Coming out of hiding

It was a tense part of the meeting, when the neighbours were challenging city staff about who the city was going to invite to an upcoming meeting. It was one of those moments when I’m quietly telling myself: this is tricky, so make sure you say the right thing or this is going to go off the rails!

(Long story short: residents have lobbied for years for city hall to take action. City hall is now taking action and a small team of city staff met with a group of residents to update them and plan how to engage the rest of the neighbourhood.)

Who are you going to invite? Just the residents? Why should others have a say if they don’t live there? Property owners or everyone who lives there? What about developers from the outside? What about developers from the inside? What if the voice of outsiders drowns out what residents have to say? How will we know who is saying what? If everyone was mixed together in a room, residents and outsiders, how would residents be heard?

If everyone was mixed together in a room, residents and outsiders, how would residents be heard?

One resident kept asking the sticky question: who are you going to invite? The group had a long conversation about how to have many voices in a room, have them be in conversation with each other (rather than a line-up of people at a microphone), and distinguish who said what. Again the sticky question: who are you going to invite? To clearly hear the voice of residents, then only residents could be in the room. 

She just wanted to feel heard.

And when we heard that, we found our way. We identified a means to both hear local residents and invite the wider community that felt good. It took us a bit of time, we had to work through the discomfort of different opinions, but we landed on something that residents felt good about, and city staff felt good about. 

They heard each other. They accommodated each other. 

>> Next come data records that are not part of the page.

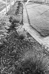 Garden with fresh new lawn, bark mulch area to reduce weed growth and your plants
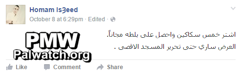 Posted text: “Buy five knives, get a free axe. Offer is valid until the liberation of the Al-Aqsa Mosque”
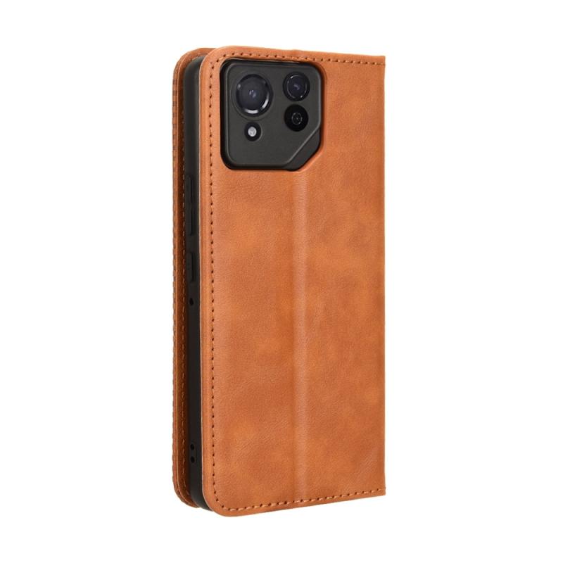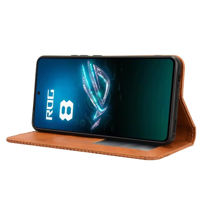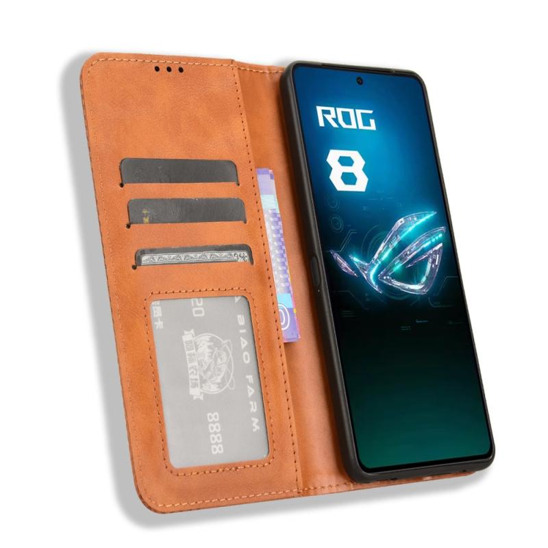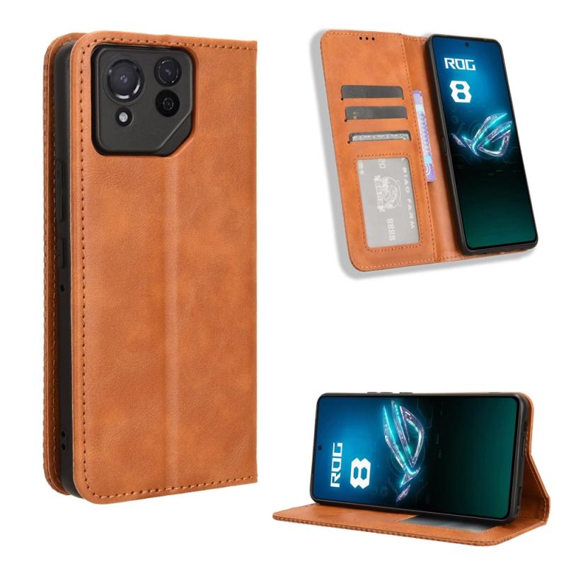 For ASUS ROG Phone 8 Pro Magnetic Buckle Retro Texture Leather Phone Case(Brown)
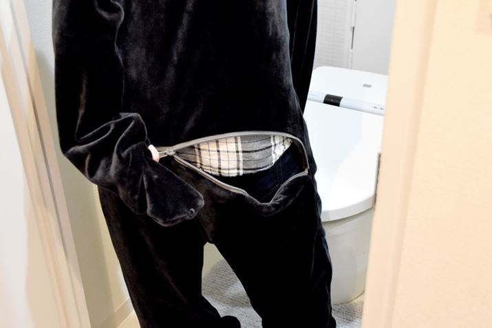 ちょっと恥ずかしい写真! 着たままトイレシステム5.0のおかげで、トイレに行く時も、いちいち服を全部脱ぐ必要がありません
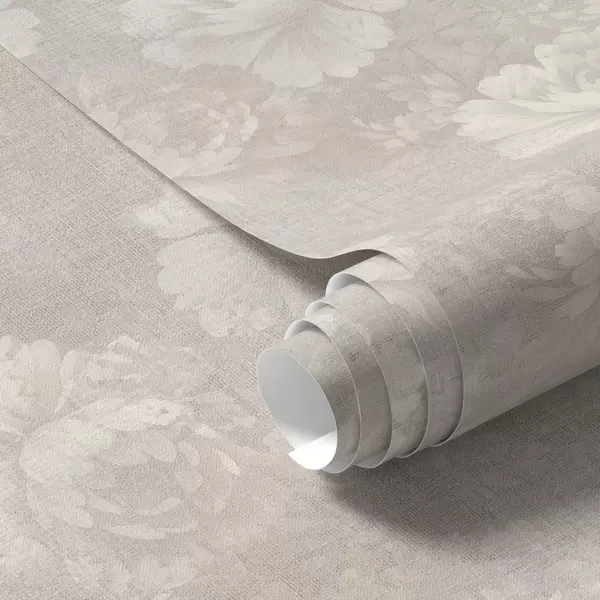 Papel pintado Peonías descoloridas sobre textura de lino en una suave paleta de colores beige Nr. a01018

10 days ago a trio of wicked communications and marketing brains (read friends) gathered in my living room to help me put together promotional material to promote me and my coming book, Nest City. I was very uncomfortable being the center of attention. I was very uncomfortable talking about how to actively make myself more visible.

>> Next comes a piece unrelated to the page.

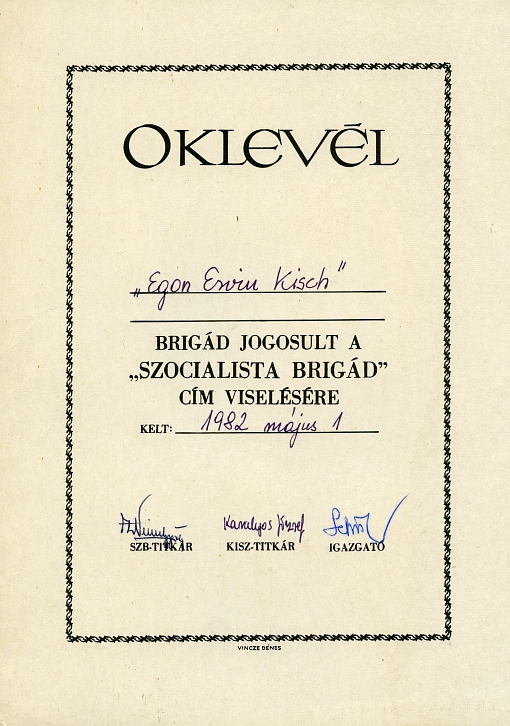 Jött a következő feladat: nevet kellett adni a gyermeknek! Országszerte, százszámra volt Leninről, magyar-szovjet barátságról, április 4-ről, május 1-ről elnevezett szocialista brigád. Nekünk sem okozott problémát nevet találni. Szerkesztőségről lévén szó, csak Egon Erwin Kisch, a száguldó riporter jöhetett szóba. Akkor már hazánkban közel százötvenezer brigád működött, de szerkesztőségben addig még egy sem alakult. És Egon Erwin Kisch névre keresztelt sem volt...
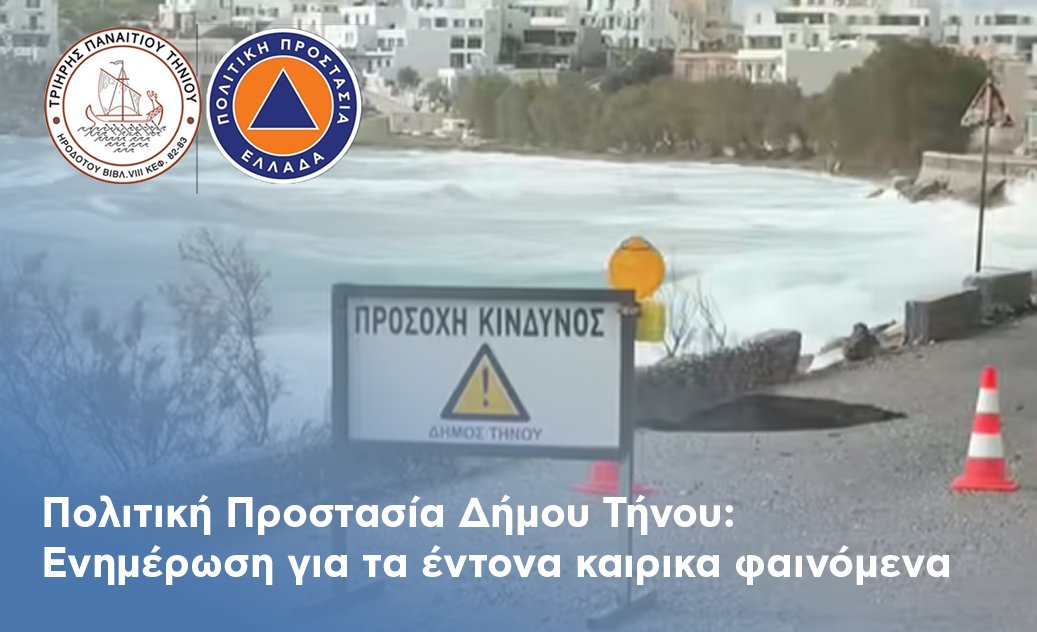 Πολιτική Προστασία Δήμου Τήνου – Ενημέρωση για τα έντονα καιρικά φαινόμενα που επικρατούν στο νησί

With supportive friends, I relaxed into being hosted, rather than being the host of the conversation. One served as a scribe and helped organize what I was saying so I, and we, could see it. 

They asked me the tough questions that I often ask them. They relished “Bething” me, putting me in the hot seat.

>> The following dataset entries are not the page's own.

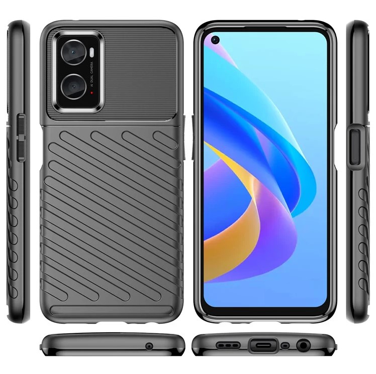 Realme 9i/Oppo A76/A96 4G Thunder Series Twill Texture Soft TPU Phone Case Thickened Shockproof Cover – Black
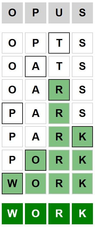 The starter word for the Weaver puzzle released today, January 10th 2026, is ‘OPUS‘ and the end word is ‘WORK‘.
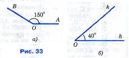 На рисунке 33, а изображён угол АОВ, градусная мера которого равна 150°. Обычно говорят кратко: «Угол АОВ равен 150°» — и пишут: ∠AOB = 150°. На рисунке 33, б угол hk равен 40° (∠hk = 40°). Определённые части градуса носят специальные названия:
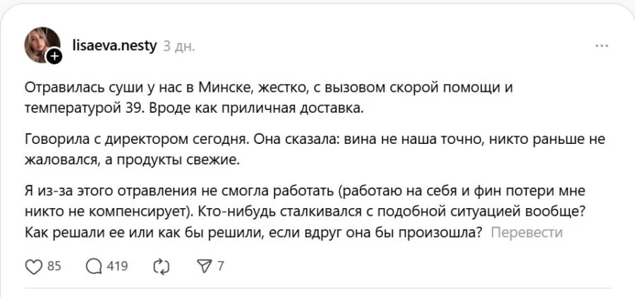 Несколько дней назад в соцсети Threads появился пост от минчанки, которая рассказала о тяжелом отравлении после заказа суши. По ее словам, состояние было настолько серьезным, что потребовался вызов скорой помощи.
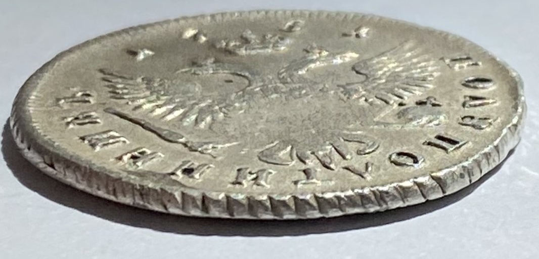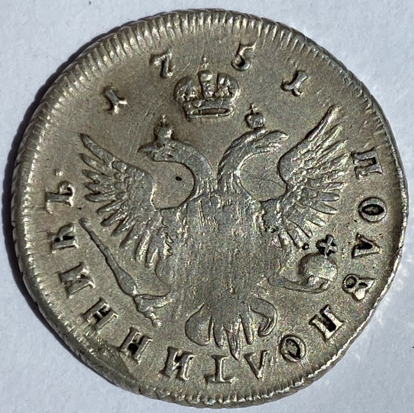 Монета представляет собой полуполтинник (25 копеек) 1751 года, отчеканенный на Московском монетном дворе (ММД) в правление императрицы Елизаветы Петровны. Это серебряная монета стандартного для того периода образца. Однако представленный экземпляр является современной подделкой, о чём прямо указано в посте и подтверждено консенсусом в комментариях.
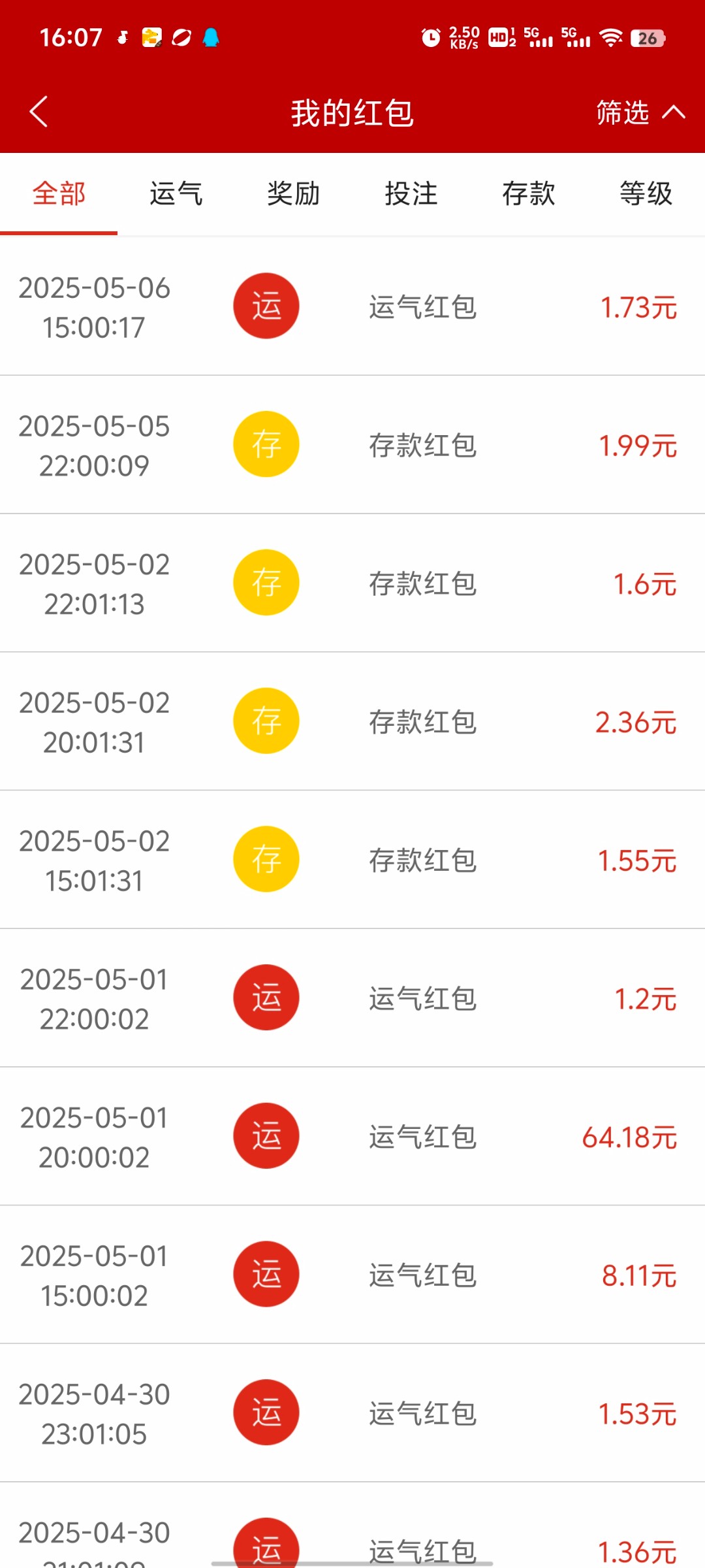 从这次五一活动出来就能看出来精彩网系列的台子越来越扣了,红包也是一块钱。从昨年下半年开始精彩网系列的的历史总存就改年度总存。狗庄越来越给不起了。以后抢红包不用存,现在就算存了也给你发个1块钱的红包。精彩网系列再也不是老哥们过年过节的低保。还是重新找个好的台子领低保。
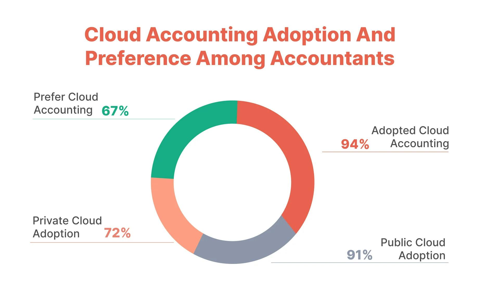 The public cloud adoption rate stands at 91%, while the private cloud adoption rate is 72%. Furthermore, 67% of accountants prefer cloud accounting to traditional solutions.
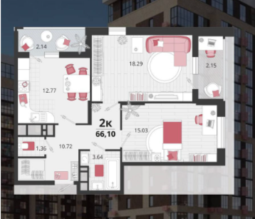Продается 2-х комн. новостройка, 66.1 кв.м., 7/18 эт

With their challenging support, two big realizations surfaced: 

  1. It is time to come out of hiding. 
  2. I am well conditioned to put myself in the background. 

I have been writing in hiding. I have a book that I have been working on for 13 years that few people have read. Since 2009 I have posted 434 blogs (this is the 435th) and the Nest City News started a few years ago. The readership of public writing is loyal, but not huge. (I love you dearly.) 

I don’t “toot my horn” because I’m well trained to not do that. The inner critic in me is active.

I don’t “toot my horn” because I’m well trained to not do that. The inner critic in me is active:

  • Only people who are full of themselves promote themselves 
  • You don’t have anything worthwhile to say
  • Don’t dream big because it won’t come to pass anyway and you’ll end up heartbroken
  • No one can actually do the work they want to be doing, so why should you be any different? 
  • No, no, don’t put yourself out there, it’s too risky
  • Don’t get involved in social media, you don’t have the stomach for it 
  • The best and safest place for you is in the background 
  • You’re not smart enough for people to listen to
  • You don’t have anything to say that people want to hear
  • Who do you think you are? 
  • Your writing is awful. 

I feel like this inner critic voice in my head is not me. But it certainly works hard to run the show. 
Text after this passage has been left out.